What the task requires: Print the whole listing below exactly, skipping every picture.

Available data:
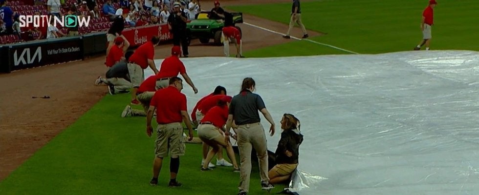 熱狂的なレッズファンが集まることで有名なグレートアメリカン・ボールパークで行われたレッズ対ドジャースは、5回終了時に雨天中断となった。その準備中にスタッフがシートに巻き込まれるアクシデントが発生。まさかの事態に球場が騒然となる場面が見られた。
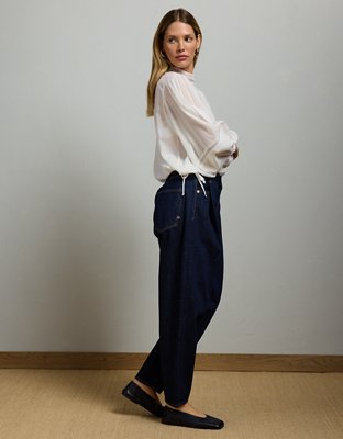 The Details Rigid dark wash denim5-pocket stylingPleated front to create a tapered leg shape Materials & Care 100% CottonMachine washImported Size & Fit Baggy oversized fitSize...
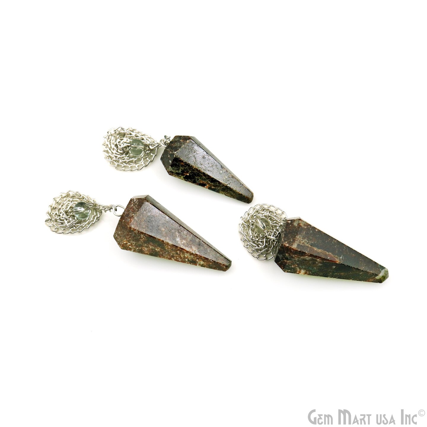 Gemstone Dowsing Pendulum Pendant, 44x16mm Silver Plated Handmade Pendant with Chain, GemMartUSA (14007)
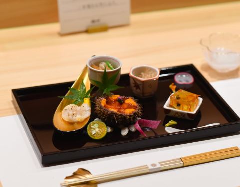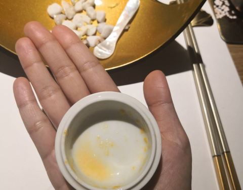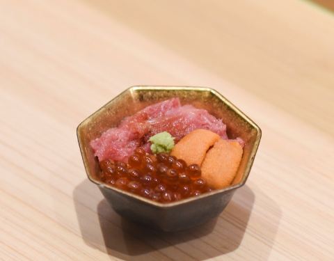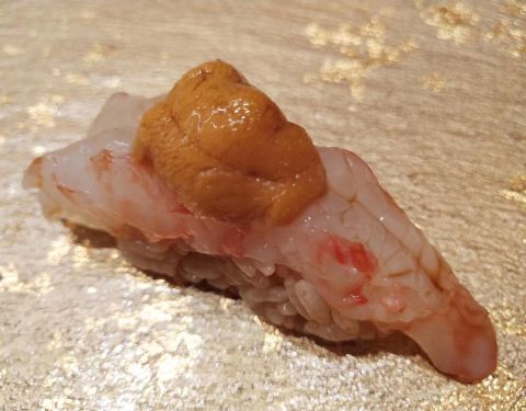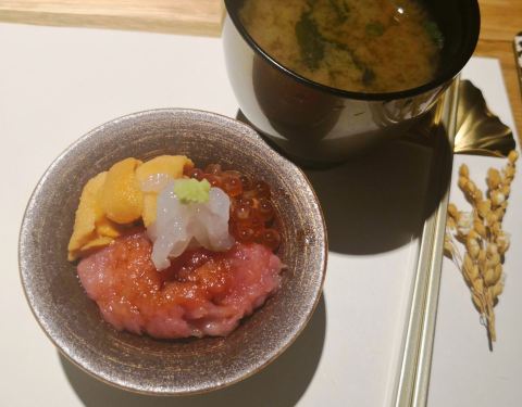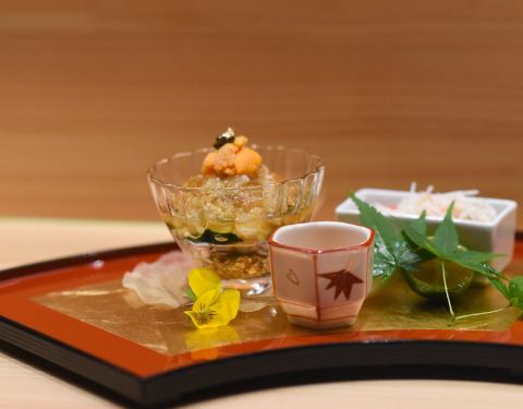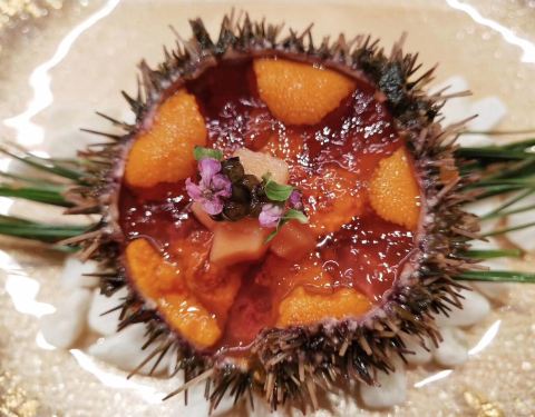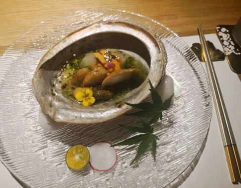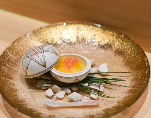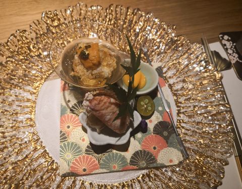 柳营巷里独特的白墙青瓦,沿着庭院的小道走上几步才能进店,门内门外仿佛穿越了一般。进店之后一直有引导服务,入席发现还备了一张预约的小卡,很贴心~和风前菜一共五点,摆盘精致的像幅画!以偏酸的味道为主调,非常开胃~ 「香槟海胆木瓜冻」 配上贝壳勺,小心翼翼入口。木瓜味道浓郁,香槟提供了香气,海胆入口即化,五点之中的最爱!前菜之后的刺身表现也都不错,刀花配和本身的纹理特别好看。料理人根据食材不同的特质处理刺身,食材本身新鲜,加上突出风味的料理方法,吃下来完全没有腻口的感觉。 「柚子冰沙」 转换菜品之间的冰沙非常清新,微苦的西柚把口腔里的油脂都清除的感觉~熟食的前菜选用了雪蟹和海胆,还是以酸开胃为主。其实和最开始的前菜有所重复了。寿司开始我觉得出彩程度降低,调味有点重了,食材的本味不够突出。最喜欢「星鳗手握」,确实入口即化。 「烤银鳕鱼」 印象最深刻的一味菜品。皮脆肉嫩不说,肉汁都很好的锁住,每一口都爆汁的鳕鱼肉好吃哭了。 「迷你海鲜盖饭」 看着小小一份海鲜饭,满满的金枪鱼泥、鲑鱼籽,配上我最爱的海胆,足够丰盛~只是酱油依然多了,叹口气。

Solution to this exercise:
 熱狂的なレッズファンが集まることで有名なグレートアメリカン・ボールパークで行われたレッズ対ドジャースは、5回終了時に雨天中断となった。その準備中にスタッフがシートに巻き込まれるアクシデントが発生。まさかの事態に球場が騒然となる場面が見られた。
 The Details Rigid dark wash denim5-pocket stylingPleated front to create a tapered leg shape Materials & Care 100% CottonMachine washImported Size & Fit Baggy oversized fitSize...
 Gemstone Dowsing Pendulum Pendant, 44x16mm Silver Plated Handmade Pendant with Chain, GemMartUSA (14007)
 柳营巷里独特的白墙青瓦,沿着庭院的小道走上几步才能进店,门内门外仿佛穿越了一般。进店之后一直有引导服务,入席发现还备了一张预约的小卡,很贴心~和风前菜一共五点,摆盘精致的像幅画!以偏酸的味道为主调,非常开胃~ 「香槟海胆木瓜冻」 配上贝壳勺,小心翼翼入口。木瓜味道浓郁,香槟提供了香气,海胆入口即化,五点之中的最爱!前菜之后的刺身表现也都不错,刀花配和本身的纹理特别好看。料理人根据食材不同的特质处理刺身,食材本身新鲜,加上突出风味的料理方法,吃下来完全没有腻口的感觉。 「柚子冰沙」 转换菜品之间的冰沙非常清新,微苦的西柚把口腔里的油脂都清除的感觉~熟食的前菜选用了雪蟹和海胆,还是以酸开胃为主。其实和最开始的前菜有所重复了。寿司开始我觉得出彩程度降低,调味有点重了,食材的本味不够突出。最喜欢「星鳗手握」,确实入口即化。 「烤银鳕鱼」 印象最深刻的一味菜品。皮脆肉嫩不说,肉汁都很好的锁住,每一口都爆汁的鳕鱼肉好吃哭了。 「迷你海鲜盖饭」 看着小小一份海鲜饭,满满的金枪鱼泥、鲑鱼籽,配上我最爱的海胆,足够丰盛~只是酱油依然多了,叹口气。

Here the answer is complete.